1130年代には、キエフ・ルーシ(大公国)の封建体制の崩壊が始まった。そうした中、キエフを中心に形成されたのがキエフ公国であった。その領土にはキエフシュチナをはじめ、東ヴォルィーニ、ペレヤースラウシュチナが含まれた。首都はキエフに置かれ、ペレヤースラウ、カーニウ、チェルカースィ、オステール、オーヴルチ、ジトーミル、チョルノービリ、モーズィルといった都市が地方の中心となった。こうした都市は、時期によっては公国の中心地ともなった。

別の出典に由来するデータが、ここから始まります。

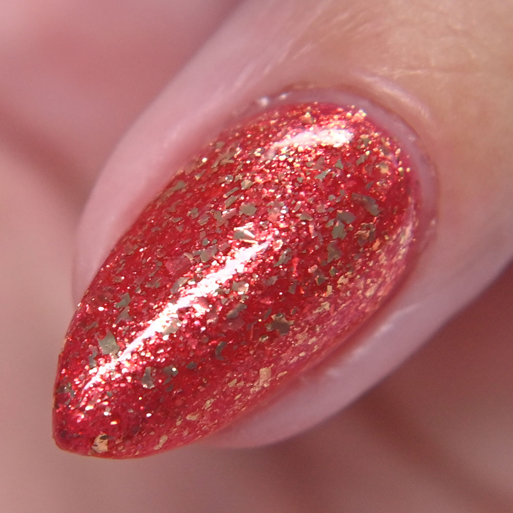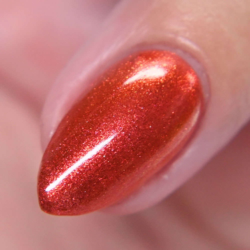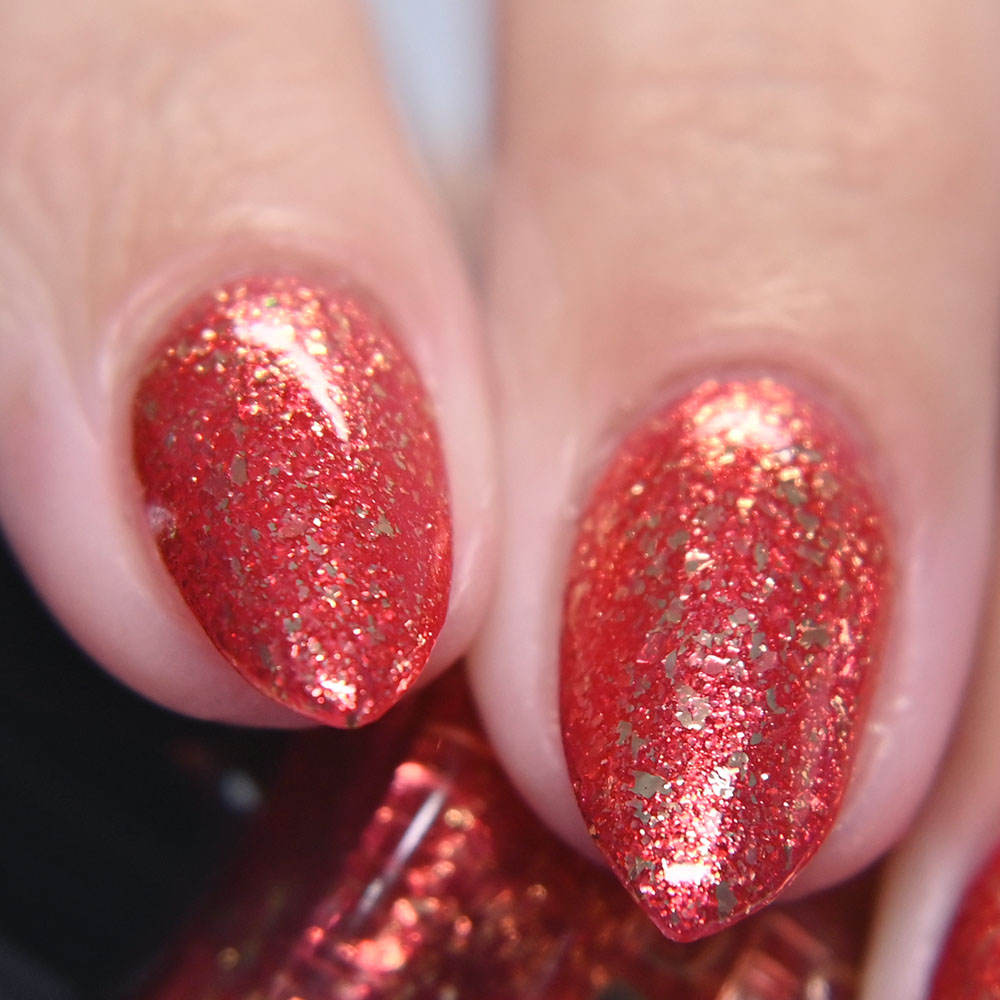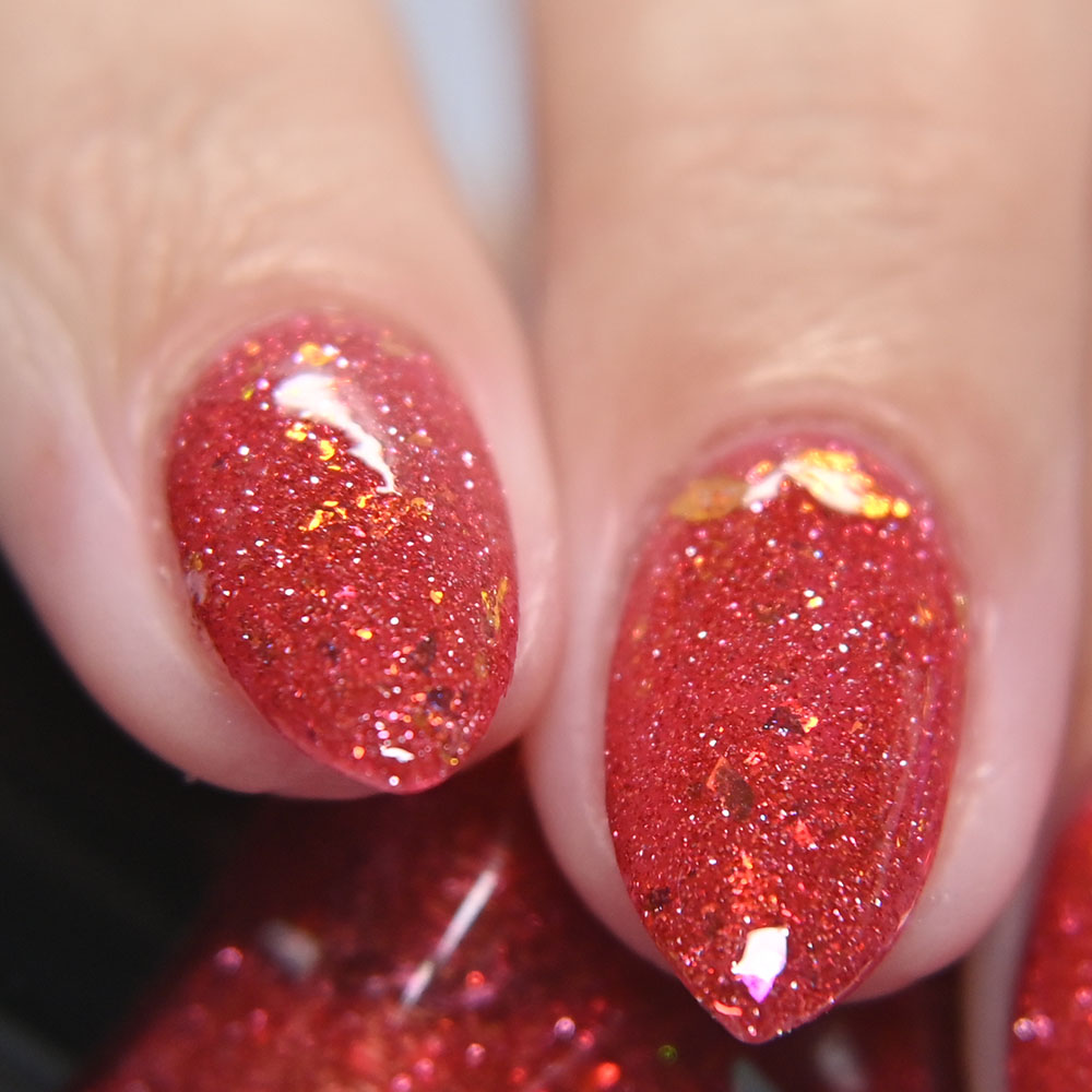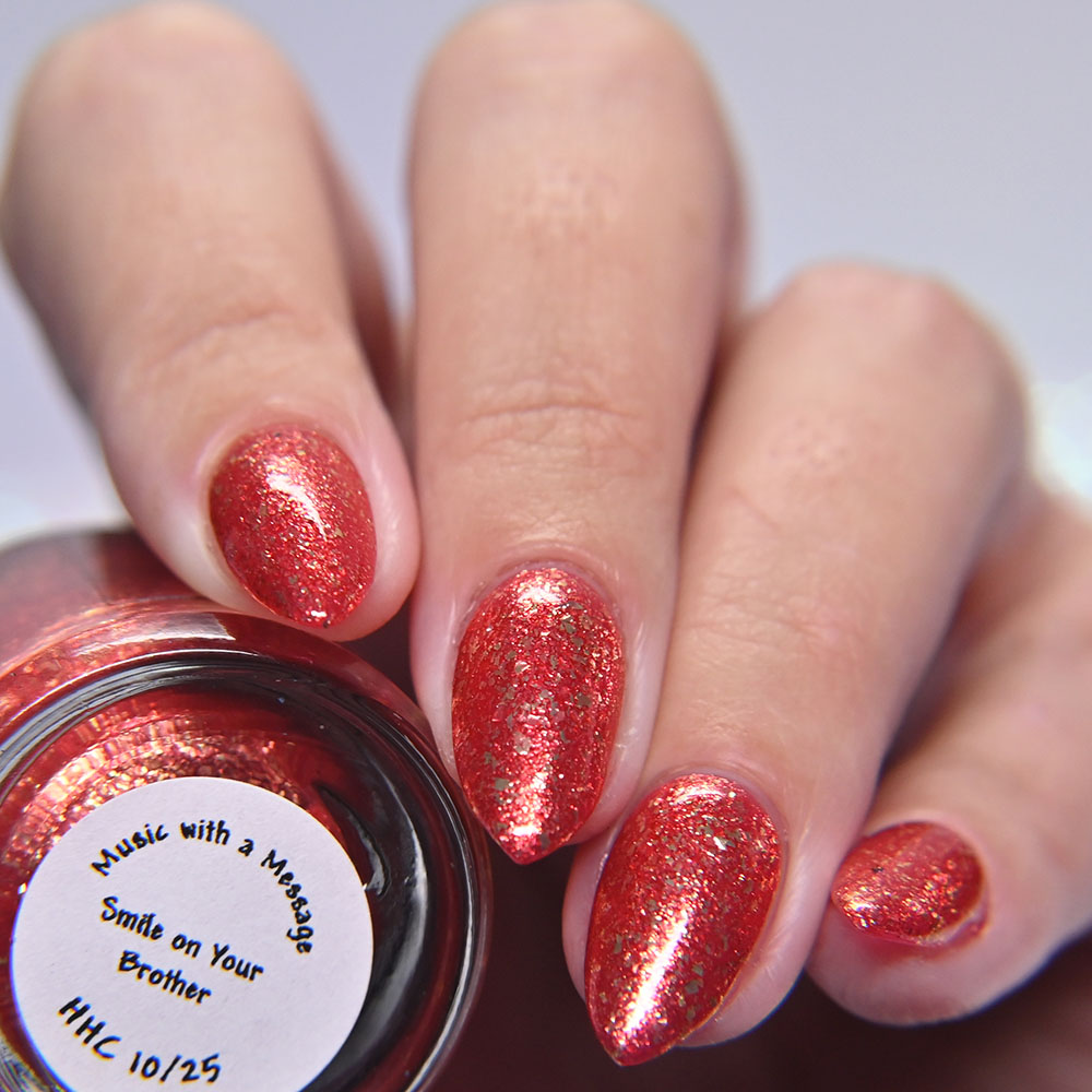 Description: Smile on Your Brother is a bright coralish red jelly base with rose-gold shifting micro flakes and gold metallic flakes.

1132年、大公ムスチスラフ1世の死後、キエフ大公国はいくつかの小公国に分裂した。ユーリー・ドルゴルーキーはスーズダリ公国の公座を獲得し、ペレヤースラウ公国を狙った。このことについて、隣国チェルニーヒウ公国のフセヴォロド2世はいよいよキエフの分割が始まったと書き記した。また、ノヴゴロド公国もキエフの権力からの独立を強めた。ロストフとスーズダリの領土は、すでに独立していた。スモレンスク、ハールィチ、ポロツィク、トゥーロウの地にそれぞれ独自の公が即位した。さらに、キエフとチェルニーヒウの間には武力衝突が発生し、これに東ローマ帝国やハンガリー王国、ベレンデイ人、ポロヴェツ人が介入した。もはや、キエフ大公国はその実体を失い、キエフを中心とするキエフ公国がその残滓を留めるに過ぎなくなった。
大公ヤロポルク2世が1139年に崩御すると、ヴャチェスラフ1世が即位した。これはさらに不運な大公で、その大公位は7日で終焉を迎えた。彼を放逐して即位したのがチェルニーヒウ公フセヴォロド2世であった。
キエフの年代記は、フセヴォロドとその兄弟について卑怯で貪欲な性根の捻じ曲がった人物であったと表現している。彼とその兄弟たちの治世において、キエフはノヴゴロドを回復することに失敗し、さらに1144年から1146年にかけてハールィチ公国との間に戦争を行った。
フセヴォロドは1146年に崩御し、それ以降キエフの実権は大貴族が握るようになった。これは、ノヴゴロドはじめ他の多くのルーシ系諸公国と同様の現象であった。これ以降、もはや大公国とは呼べなくなったキエフ公国は周辺の諸公国や王国と戦争を繰り返しながら、数々の非力な公がその公座を奪い合うこととなった。
モンゴルのルーシ侵攻後期の1240年、キエフ公国はモンゴル=タタールによって占領された。1243年には、ジョチ・ウルスによってヴラジーミル・スーズダリ大公国のヤロスラフ2世が公に任ぜられ、ヤロスラフはキエフに代官を送った。彼の死後は、その大公位を襲ったアレクサンドル・ネフスキーがキエフ公に任ぜられた。1263年にアレクサンドルは死去したが、これ以降ヴラジーミル・スーズダリ大公によるキエフ公世襲が始まった。
1362年頃になると、キエフ公国はリトアニア大公国の軍勢によってジョチ・ウルスの支配から解放された。しかし、リトアニア大公国はジョチ・ウルスに代わってキエフを占領し、公国を自国の属公国に加えた。そして、ルーシの公朝を廃し、代わってリトアニアのゲディミナス朝の公朝を成立させた。その最初の公となったのは、ヴォロディームィル・オーリヘルドヴィチであった。しかし、ヴォロディームィルはリトアニアに対するキエフ公国の自立性を確立するための政策を採った。これは、リトアニア政府にとっては非常に心外な政策であった。とりわけ、1386年にリトアニア大公ヨガイラ(ヤガイラ・オーリヘルドヴィチ)がその位を息子に譲りポーランド王に即位すると、権勢を誇るリトアニア大公国はその不満を表面化させた。
1394年、リトアニア大公国政府はついにキエフ公位を廃止した。これに伴い、キエフには公に代わるリトアニアの代官が置かれた。1440年、現地の封建貴族からの圧力によりキエフ公位が復活されたが、1470年になると再び廃された。キエフにはヴォエヴォダ(県知事)のM・ホショトフトが送られた。キエフの住民は二度に渡りその受け入れを拒んだが、1471年、ヴォエヴォダの軍勢によって攻められたキエフは陥落し、キエフ公国は完全に解体され、リトアニア大公国によるキエフ県に置き換えられた。